> **WORK TO BE COMPLETED**
Each line below must be reproduced exactly as it stands. Pictures stay out of the copy.

Stored dataset items:
......

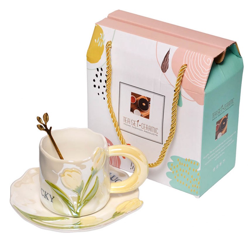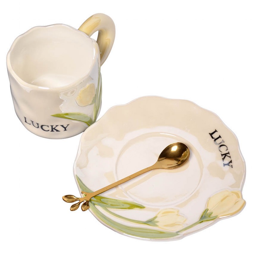 Ця витончена чайна пара дарує настрій сонячного ранку та легкості. Білосніжна керамічна чашка прикрашена рельєфним тюльпаном, пелюстки якого, як і ручка, виконані у ніжному жовтому відтінку — кольорі тепла, радості й весняної свіжості.
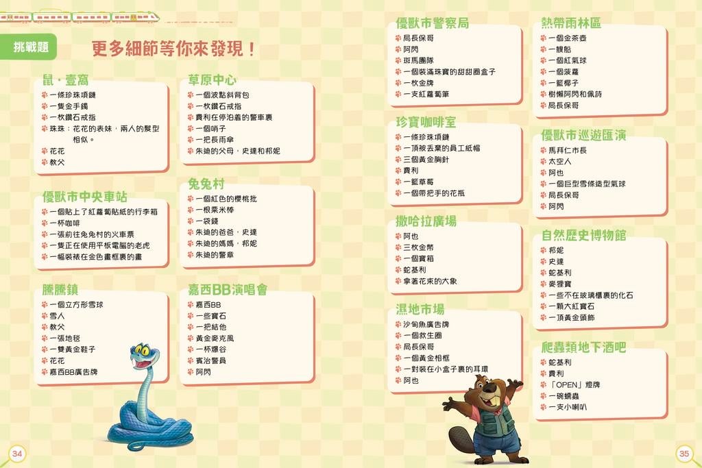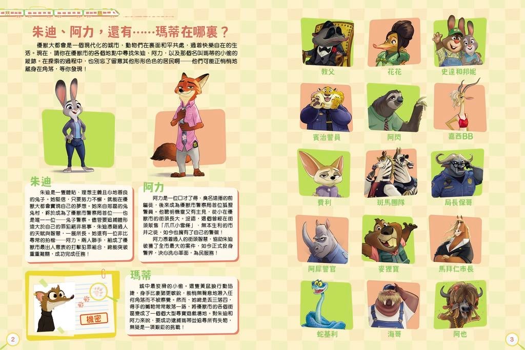 📚全書包含14個精彩場景,一起探索新領域‼️ 🌈本書收錄了《優獸大都會》及《優獸大都會2》電影🎬的精彩場景,以找找看遊戲形式結合了場景插圖與角色搜尋,讓讀者可以經典重溫,挑戰觀察力。 ❤️除了每個跨頁的找找看任務外,更附挑戰題,增加任務數量和提升難度,更加耐玩。 朱迪與阿力在哪裏?🤔 快來跟朱迪與阿力一起在優獸大都會的不同地方追蹤罪犯,打擊罪案!😎從到繁華熱鬧的車站到探索未知的新社區這兩位警員的身影藏在城市的每個角落一一你能一一找出他們嗎? 📚本書精選《優獸大都會》電影中最精彩、最熱鬧的場景,挑戰你的觀察力與專注力!場景越熱鬧,搜索的難度越高!請你找出朱迪和阿力這對好拍檔,然後幫助他們追捕狡猾的罪犯。書中還有更多驚喜細節等你來發現!
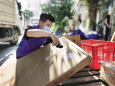 4 7月11日,一身短袖短裤,披上菜鸟驿站的工作服小马甲,郭政准时来到位于合肥市西园新村小区的中通快递网点,开始分拣快递。 ■ 孙雨静 周诚
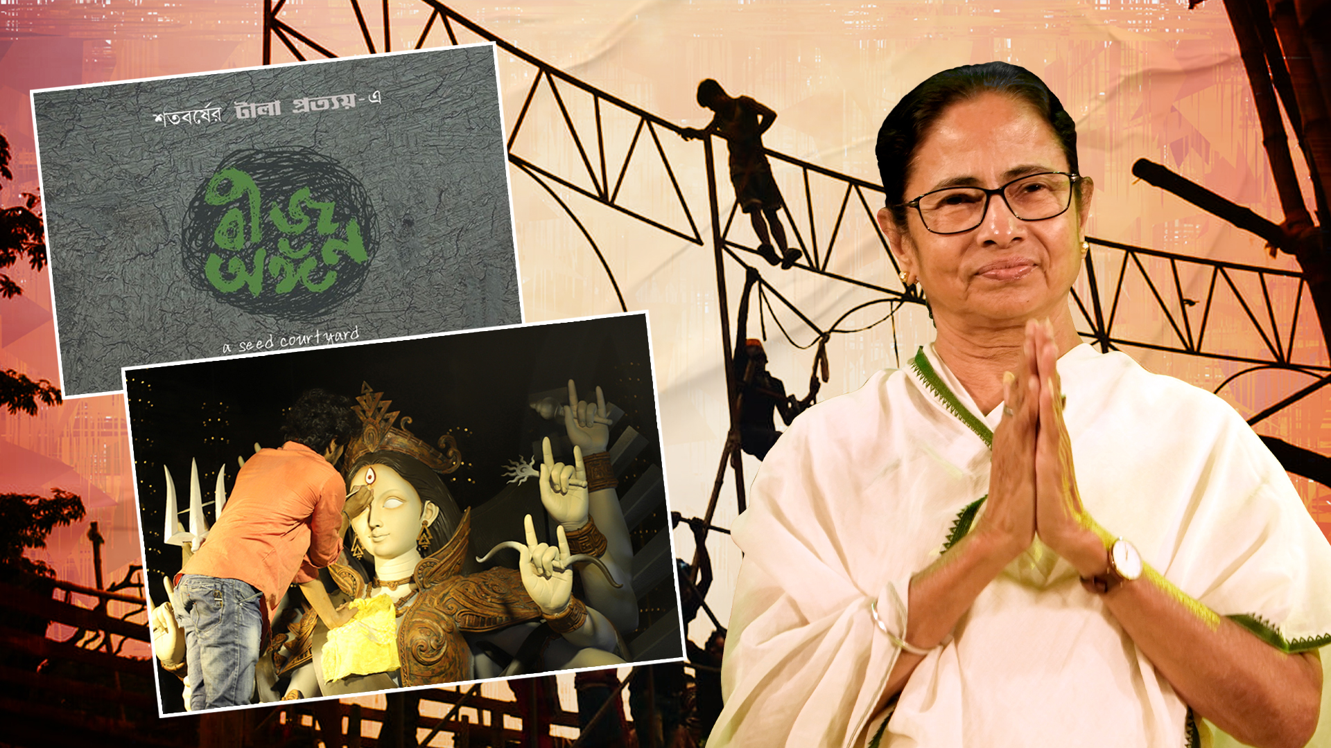 নিউজ ডেস্ক, দৃষ্টিভঙ্গি, ১০.০০: টালা প্রত্যয় এবার সেজে উঠেছে মুখ্যমন্ত্রী মমতা বন্দ্যোপাধ্যায়ের ভাবনায়। এখানে মা দুর্গা অসুরদলনী নন। তিনি চাষির ঘরের কন্যা। আমাদের মনে রাখতে হবে, সভ্যতার উৎস ভূমি। ছোট্ট বীজেই লুকিয়ে থাকে অরণ্যের প্রতিশ্রুতি। আর কেন্দ্রীয় সরকারের দিশাহীন কৃষি বিলে যখন জমির অস্তিত্ব বিপন্ন, কৃষক বঞ্চিত, তখন মা দুর্গা নিজেই লাঙল ধরেছেন। তাঁর পদতলে বধ হচ্ছে ‘ইউরিয়া’ লেখা সারের বস্তা। সেখান থেকে বেরিয়ে আসছে কৃষক স্বার্থ বিরোধী কৃষি বিল। শিল্পকর্মের বুননে কেন্দ্র বিরোধী, কৃষক স্বার্থ বিরোধী প্রতিবাদের মুখ হয়ে উঠেছে শতবর্ষে টালা প্রত্যয়ের ‘বীজ অঙ্গন’। যে নামের পিছনে লুকিয়ে মুখ্যমন্ত্রী মমতা বন্দ্যোপাধ্যায়ের ভাবনা। তাঁর দেওয়া এই নাম সার্থক ভাবেই মণ্ডপে ফুটিয়ে তুলেছেন শিল্পী ভবতোষ সুতার।
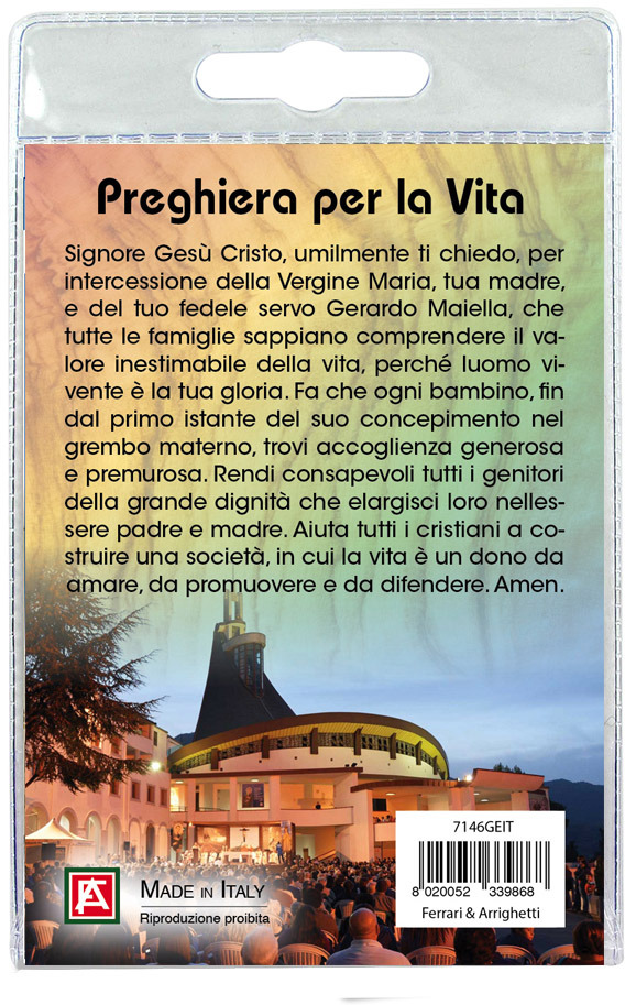 Il Portachiavi è confezionato in un blister con all'interno un immagine di San Gerardo sul cui retro e' stampata una preghiera.

......

> **RESULT OF THE TASK**
 Ця витончена чайна пара дарує настрій сонячного ранку та легкості. Білосніжна керамічна чашка прикрашена рельєфним тюльпаном, пелюстки якого, як і ручка, виконані у ніжному жовтому відтінку — кольорі тепла, радості й весняної свіжості.
 📚全書包含14個精彩場景,一起探索新領域‼️ 🌈本書收錄了《優獸大都會》及《優獸大都會2》電影🎬的精彩場景,以找找看遊戲形式結合了場景插圖與角色搜尋,讓讀者可以經典重溫,挑戰觀察力。 ❤️除了每個跨頁的找找看任務外,更附挑戰題,增加任務數量和提升難度,更加耐玩。 朱迪與阿力在哪裏?🤔 快來跟朱迪與阿力一起在優獸大都會的不同地方追蹤罪犯,打擊罪案!😎從到繁華熱鬧的車站到探索未知的新社區這兩位警員的身影藏在城市的每個角落一一你能一一找出他們嗎? 📚本書精選《優獸大都會》電影中最精彩、最熱鬧的場景,挑戰你的觀察力與專注力!場景越熱鬧,搜索的難度越高!請你找出朱迪和阿力這對好拍檔,然後幫助他們追捕狡猾的罪犯。書中還有更多驚喜細節等你來發現!
 4 7月11日,一身短袖短裤,披上菜鸟驿站的工作服小马甲,郭政准时来到位于合肥市西园新村小区的中通快递网点,开始分拣快递。 ■ 孙雨静 周诚
 নিউজ ডেস্ক, দৃষ্টিভঙ্গি, ১০.০০: টালা প্রত্যয় এবার সেজে উঠেছে মুখ্যমন্ত্রী মমতা বন্দ্যোপাধ্যায়ের ভাবনায়। এখানে মা দুর্গা অসুরদলনী নন। তিনি চাষির ঘরের কন্যা। আমাদের মনে রাখতে হবে, সভ্যতার উৎস ভূমি। ছোট্ট বীজেই লুকিয়ে থাকে অরণ্যের প্রতিশ্রুতি। আর কেন্দ্রীয় সরকারের দিশাহীন কৃষি বিলে যখন জমির অস্তিত্ব বিপন্ন, কৃষক বঞ্চিত, তখন মা দুর্গা নিজেই লাঙল ধরেছেন। তাঁর পদতলে বধ হচ্ছে ‘ইউরিয়া’ লেখা সারের বস্তা। সেখান থেকে বেরিয়ে আসছে কৃষক স্বার্থ বিরোধী কৃষি বিল। শিল্পকর্মের বুননে কেন্দ্র বিরোধী, কৃষক স্বার্থ বিরোধী প্রতিবাদের মুখ হয়ে উঠেছে শতবর্ষে টালা প্রত্যয়ের ‘বীজ অঙ্গন’। যে নামের পিছনে লুকিয়ে মুখ্যমন্ত্রী মমতা বন্দ্যোপাধ্যায়ের ভাবনা। তাঁর দেওয়া এই নাম সার্থক ভাবেই মণ্ডপে ফুটিয়ে তুলেছেন শিল্পী ভবতোষ সুতার।
 Il Portachiavi è confezionato in un blister con all'interno un immagine di San Gerardo sul cui retro e' stampata una preghiera.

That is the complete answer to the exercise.